Friday, September 27, 2002

Conason on Snitchens (Salon Premium, I think.)

A couple of years later, in a C-SPAN Booknotes interview, he mocked the wartime pretensions of the President: "Bush throughout that whole war and especially in the run up to it constantly compared himself to Churchill…In the Senate debate for and against the war, the Churchill-Munich analogy was used more often even than Vietnam as a test of which side you were on. I wondered why it is in the United States people are such pushovers for this English mythology."

But, he continued, "there was no way, however it was sliced, that Bush could come off as Churchill, as we now know. As a lot of us guessed at the time, the war with Saddam Hussein was a quarrel that had broken out between two business partners, Bush and Hussein, who were fighting over the spoils. They wanted to involve everyone else in it, and they wanted it to sound noble. They fooled a lot of people for some of the time, but the disillusionment with that war and the rhetoric with which it was fought is now pretty near total."

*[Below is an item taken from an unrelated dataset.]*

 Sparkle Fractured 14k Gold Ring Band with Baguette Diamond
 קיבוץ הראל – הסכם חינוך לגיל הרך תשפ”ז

That interview with the gentle Brian Lamb also included his assessments of two "rogues" whose political shifts elicited his scorn. Paul Johnson he described as "probably the classic instance of the guy who, having lost his faith, believes that he's found his reason, in other words, a defector." But he was even tougher on P.J. O'Rourke, who "gets away, in my opinion, with murder." Why? "He's another ex-leftist, '60s radical dropout…Then saw the light, put on a collar and tie and became a young Republican and has been cashing in this chip ever since."